(Records drawn from a dataset)
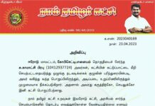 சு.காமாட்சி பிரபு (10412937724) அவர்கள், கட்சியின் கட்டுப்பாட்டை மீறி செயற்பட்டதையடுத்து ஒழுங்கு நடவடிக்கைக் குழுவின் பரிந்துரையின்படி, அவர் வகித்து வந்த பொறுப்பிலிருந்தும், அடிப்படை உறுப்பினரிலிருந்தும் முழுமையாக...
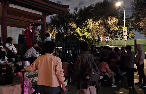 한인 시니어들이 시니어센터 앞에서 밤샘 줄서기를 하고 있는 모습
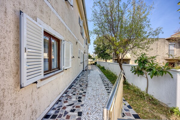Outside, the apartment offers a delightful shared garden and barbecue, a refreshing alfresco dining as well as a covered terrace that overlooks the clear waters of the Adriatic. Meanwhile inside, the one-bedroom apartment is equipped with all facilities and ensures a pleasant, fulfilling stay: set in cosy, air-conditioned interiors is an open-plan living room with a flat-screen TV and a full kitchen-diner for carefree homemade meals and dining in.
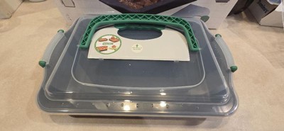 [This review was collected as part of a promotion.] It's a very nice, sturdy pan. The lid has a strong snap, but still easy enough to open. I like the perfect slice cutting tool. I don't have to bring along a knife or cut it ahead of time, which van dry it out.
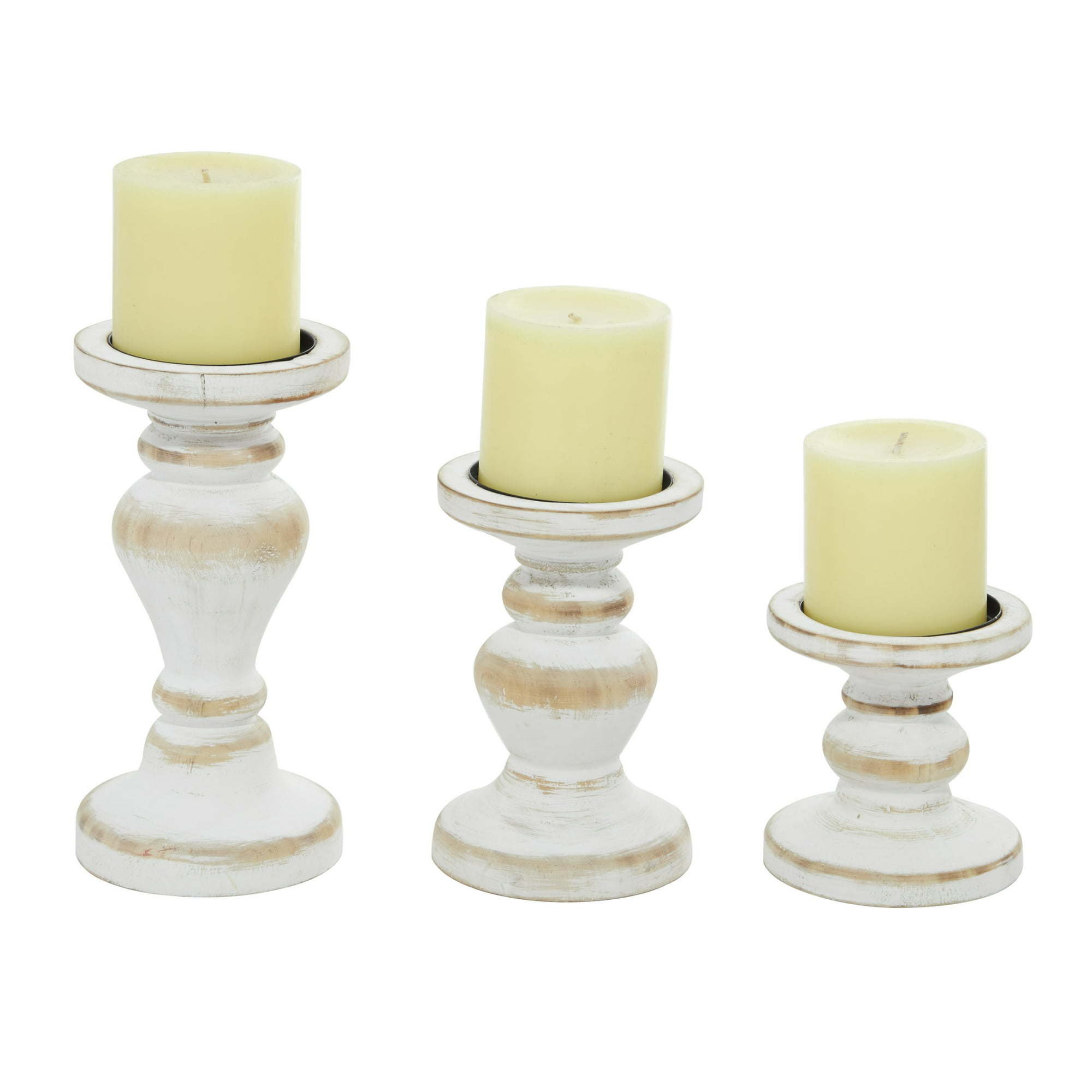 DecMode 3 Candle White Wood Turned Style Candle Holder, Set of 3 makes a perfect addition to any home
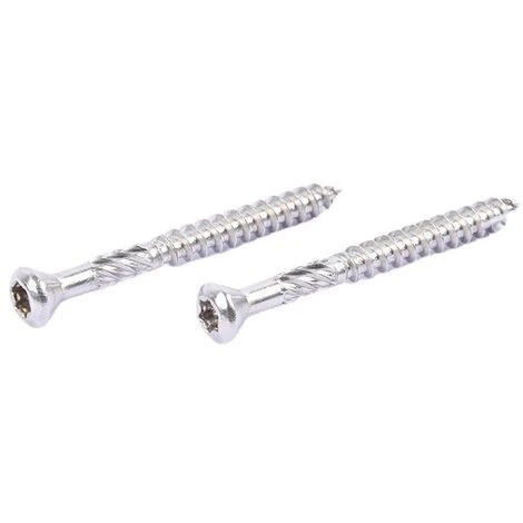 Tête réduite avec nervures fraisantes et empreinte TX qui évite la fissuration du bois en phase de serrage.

Exercise goal – What's needed is every line above, retyped exactly and free of pictures.

Completed task –
 சு.காமாட்சி பிரபு (10412937724) அவர்கள், கட்சியின் கட்டுப்பாட்டை மீறி செயற்பட்டதையடுத்து ஒழுங்கு நடவடிக்கைக் குழுவின் பரிந்துரையின்படி, அவர் வகித்து வந்த பொறுப்பிலிருந்தும், அடிப்படை உறுப்பினரிலிருந்தும் முழுமையாக...
 한인 시니어들이 시니어센터 앞에서 밤샘 줄서기를 하고 있는 모습
Outside, the apartment offers a delightful shared garden and barbecue, a refreshing alfresco dining as well as a covered terrace that overlooks the clear waters of the Adriatic. Meanwhile inside, the one-bedroom apartment is equipped with all facilities and ensures a pleasant, fulfilling stay: set in cosy, air-conditioned interiors is an open-plan living room with a flat-screen TV and a full kitchen-diner for carefree homemade meals and dining in.
 [This review was collected as part of a promotion.] It's a very nice, sturdy pan. The lid has a strong snap, but still easy enough to open. I like the perfect slice cutting tool. I don't have to bring along a knife or cut it ahead of time, which van dry it out.
 DecMode 3 Candle White Wood Turned Style Candle Holder, Set of 3 makes a perfect addition to any home
 Tête réduite avec nervures fraisantes et empreinte TX qui évite la fissuration du bois en phase de serrage.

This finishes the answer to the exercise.